Abstract

Unmanned Combat Aerial Vehicle (UCAV) cooperative task allocation under Manned Combat Aerial Vehicle’s (MCAV) limited control is one of the important problems in UCAV research field. Hereto, we analyze the key technical and tactical indices influence task allocation problem and build an appropriate model to maximize the objective function values as well as reflecting various constraints. A novel improved multigroup ant colony algorithm (IMGACA) is proposed to solve the model; the algorithm mainly includes random sequence-based UCAV selection strategy, constraint-based candidate task generation strategy, objective function value-based state transition strategy, and crossover operator-based local search strategy. Simulation results show that the built model is reasonable and the proposed algorithm performs well in feasibility, timeliness, and stability.

1. Introduction

UCAVs being equipped with communication system have been widely used in battlefield under the fierce battlefield countermeasure and complex battlefield environment [1]. By means of forming task coalition, MCAVs cooperate with UCAVs to execute combat tasks, and in this way they can exert respective advantages [2]. By taking advantages of strong maneuver, outstanding stealth, and low cost, UCAVs get deep into the battlefield front with harsh battlefield environment, carrying out various combat tasks such as battlefield detection, interference, attack, and assessment, while MCAVs mainly provide command and control (C2) outside the combat zone and give full play to MCAV commanders’ comprehensive judgment and rational decision-making ability.
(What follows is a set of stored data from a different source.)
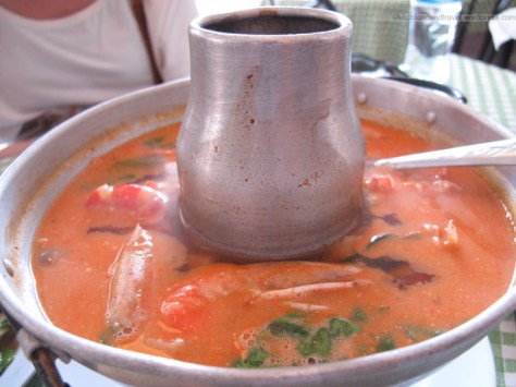 Tom Yum Goong – In many places in Thailand, I have found the level of spicyness for Tom Yum to be insufficient. I suspect that the chef is trying accomodate for the tourists who aren’t necessarily accustomed to spicy food. Me who loves spicy food however, has been disappointed with those places as Tom Yum is supposed to be spicy! Luckily, at Dee’s, the soup was made spicy and quite tasty. The shrimp however was overcooked probably due to the soup continually being heated at the table.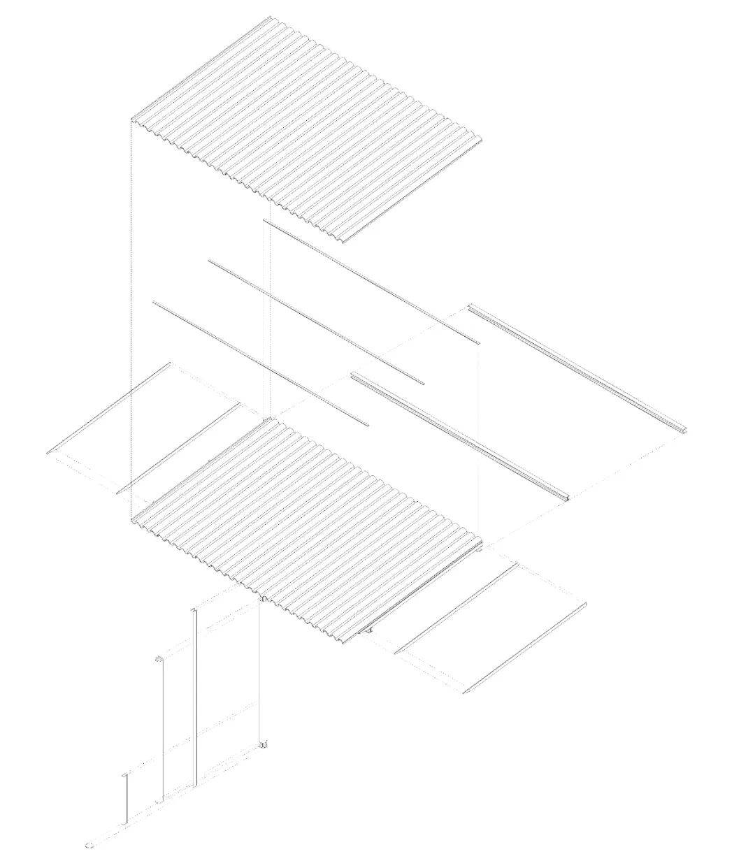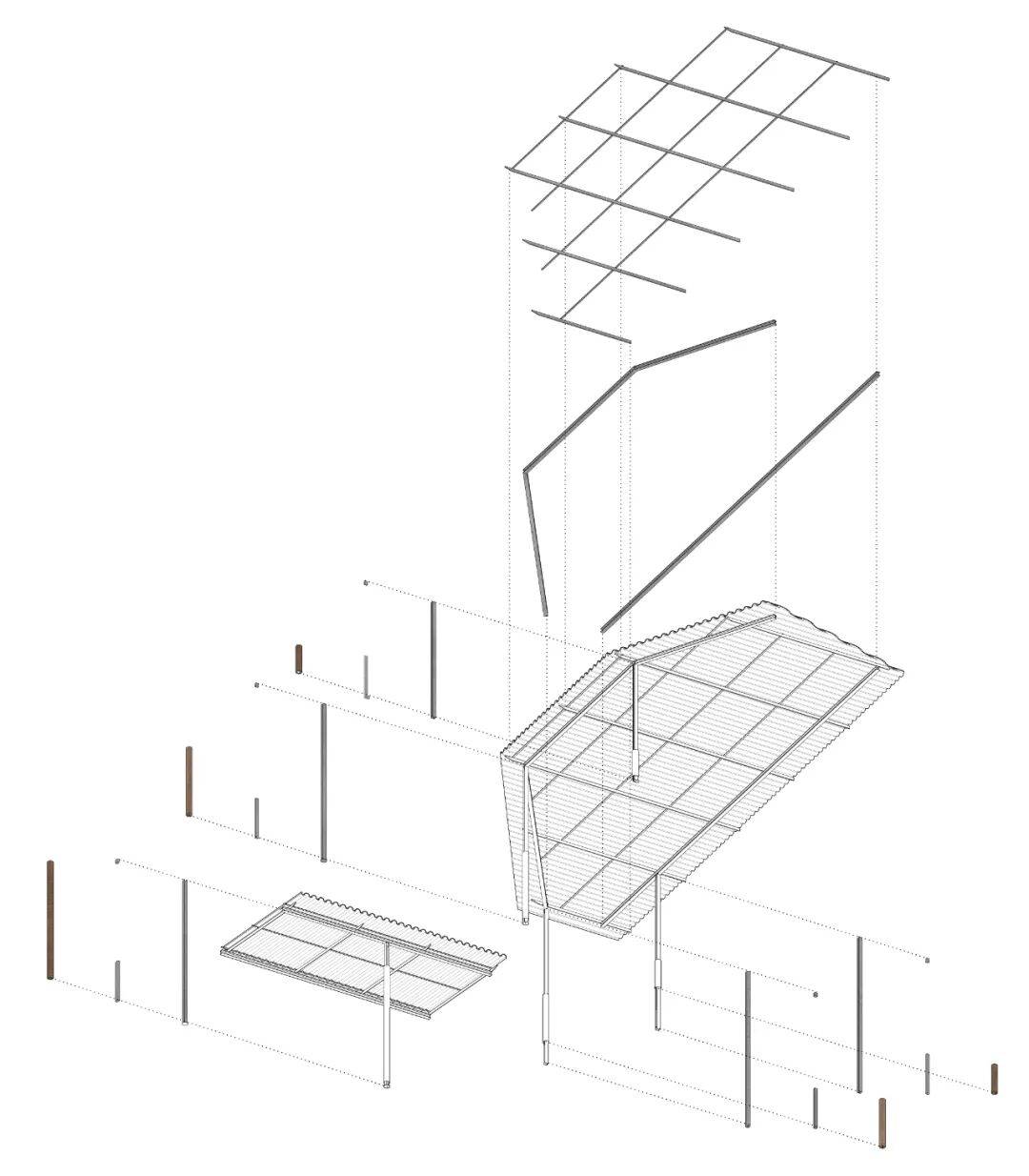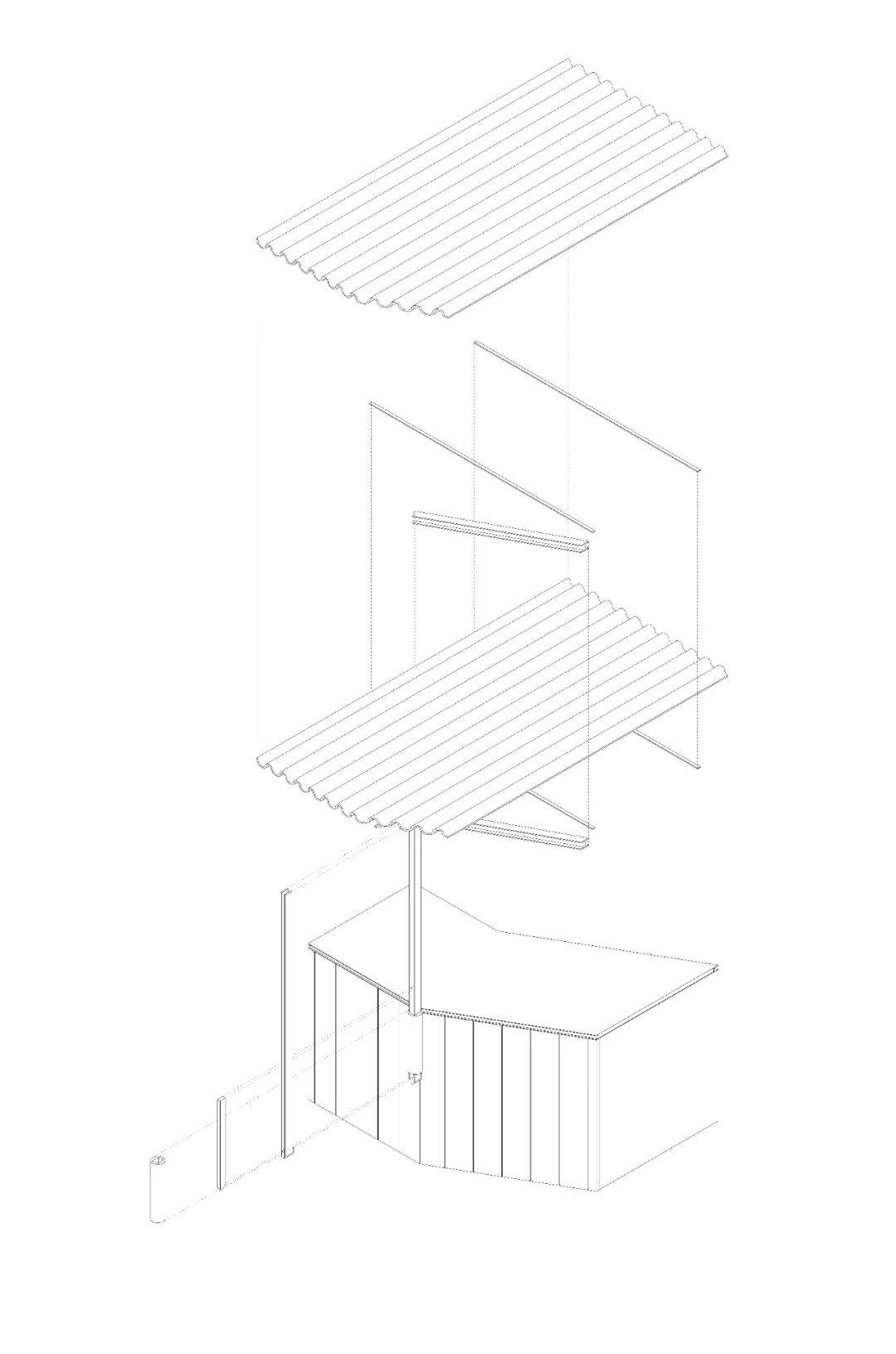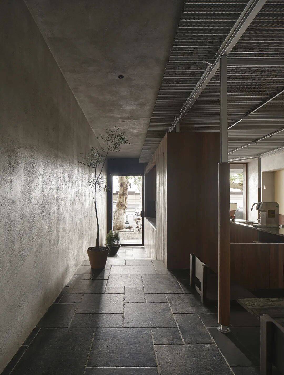 雨棚是南京老城区街头随处可见的临建元素,设计师选取雨棚形象作为设计元素,建立室内与街巷的联结。室内有两处雨棚,一处是吧台区,是咖啡店公园感的核心要素;一处是在双人座位区,单坡雨棚划定相对私密区域,檐下立柱强化空间构造秩序。“雨棚”的屋面采用波浪形冲孔铝板,提升透光性和空气流动性,稀释厚重感,使空间氛围更加当代。雨棚的细柱采用钢木结合建造方式,在柱础和柱梁交接位置,扁钢与木杆拟态燕尾榫,将传统木构节点形式转译并使用在工业材料上,形成独特有趣的现代语汇。木构形式也被运用到家具节点上作视觉点缀,如卡座旁的小圆桌和定制长桌,在保持家具整体利落干净形态的同时增加意趣。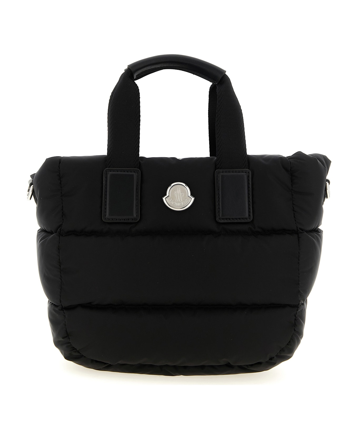 Mini Caradoc' quilted and padded Teflon nylon handbag with tone-on-tone leather details, nylon drill lining, antiqued metal logo patch on the front, double fixed tape handle with leather handle, top zip closure, adjustable and removable shoulder strap.
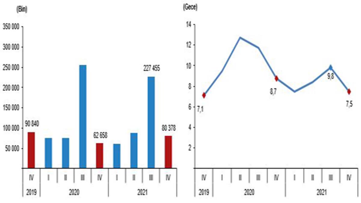Bu çeyrekte seyahate çıkanlar 80 milyon 378 bin geceleme yaptı. Ortalama geceleme sayısı 7,5 gece oldu. Yıllık olarak değerlendirildiğinde, toplam seyahat sayısı bir önceki yıla göre yüzde 23,2 artarak, 52 milyon 774 bin olarak gerçekleşti. Bu yılda seyahate çıkanların yaptıkları toplam geceleme sayısı bir önceki yıla göre yüzde 2,2 azalarak, 458 milyon 872 bin olarak gerçekleşti. Ortalama geceleme sayısı 2021 yılında 8,7 gece oldu.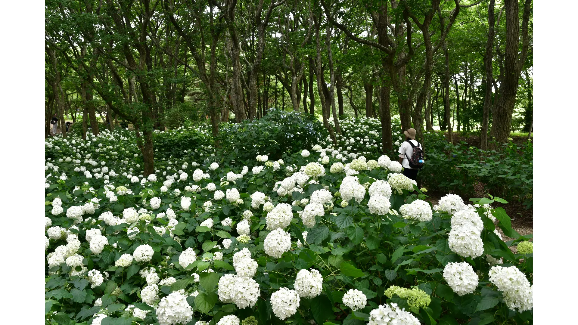 雨に濡れた花は緑がより鮮やかになり、白いアジサイをより一層引き立てます。また、天気が良い日には、木漏れ日が差し込む林内で、ゆらゆらと揺れる光が作り出す幻想的な風景をお楽しみいただけます。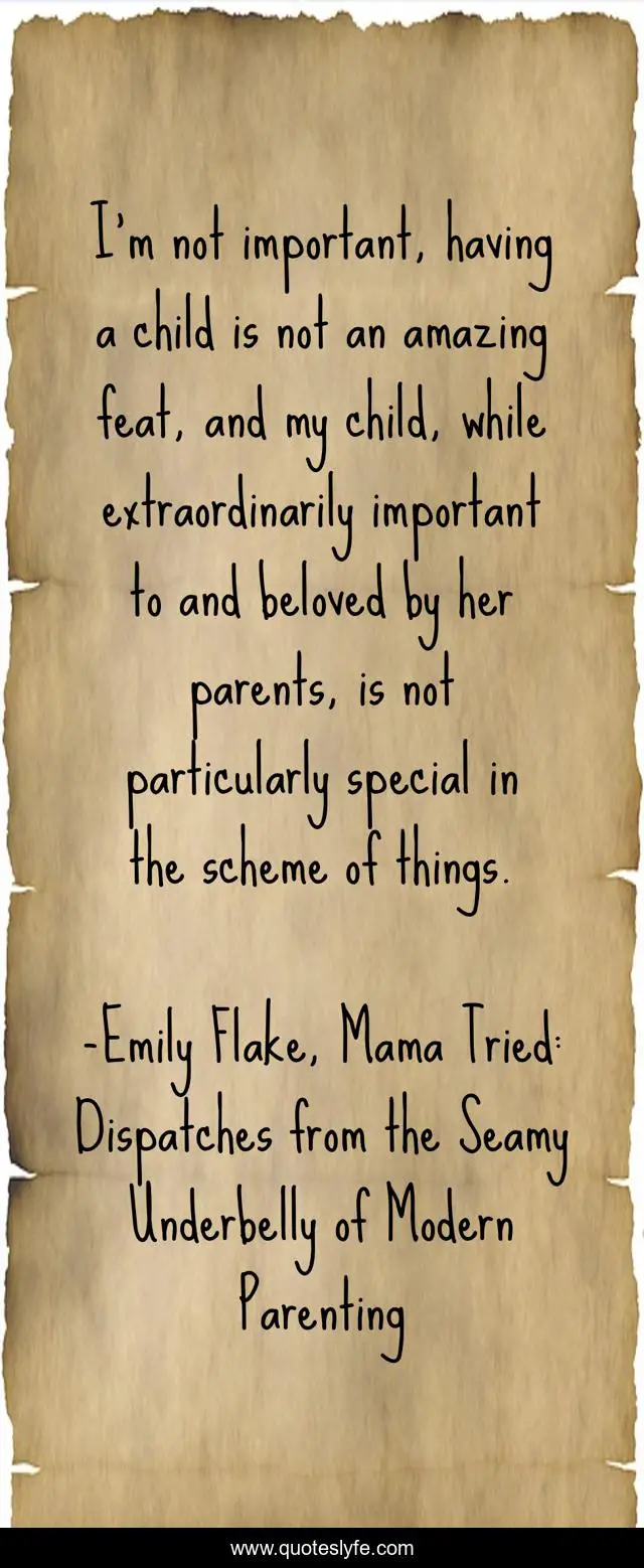 This page presents the quote "I'm not important, having a child is not an amazing feat, and my child, while extraordinarily important to and beloved by her parents, is not particularly special in the scheme of things.". Author of this quote is Emily Flake, Mama Tried: Dispatches from the Seamy Underbelly of Modern Parenting. This quote is about pregnancy, parenting,.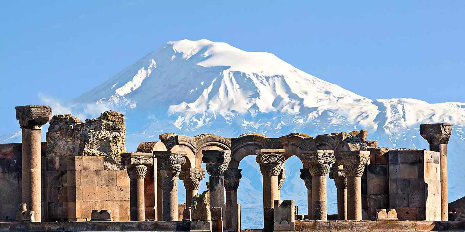 The amazing backdrop to this cathedral is the dormant volcano Mount Ararat with its legend of angry gods sending a flood to punish humankind, and once it subsided the only family left on earth climbed out of the Ark at Ararat and humanity started once again.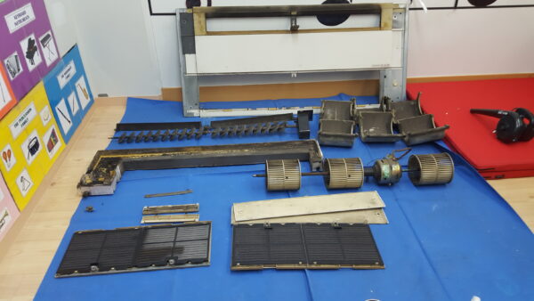 熱交換器(アルミフィン)と送風ファンを中心に洗浄していきます。

MCAV/UCAV cooperative task allocation problem is one of the key technologies in MCAV/UCAV cooperative engagement, and it is a NP-hard problem [3]. Firstly, it takes task types, values, and locations into account and then establishes the allocation model which maximizes allocation efficiency function and meets all technical and tactical constraints, and finally it applies the appropriate algorithm to solve the model. Currently, the research on the problem focuses primarily on model building [46] and algorithm solving [7, 8].

In terms of task allocation models, researchers usually abstracted the task allocation problem into existing mature models such as multiple travelling salesman problem (MTSP), mixed integer linear programming (MILP), and vehicle routing problem (VRP). Besides, Air Force Research Laboratory (AFRL) raised a model called capacitated vehicle routing problem with time window (CVRPTW) and applied it to reconnaissance mission planning of Global Hawks and Predators [9].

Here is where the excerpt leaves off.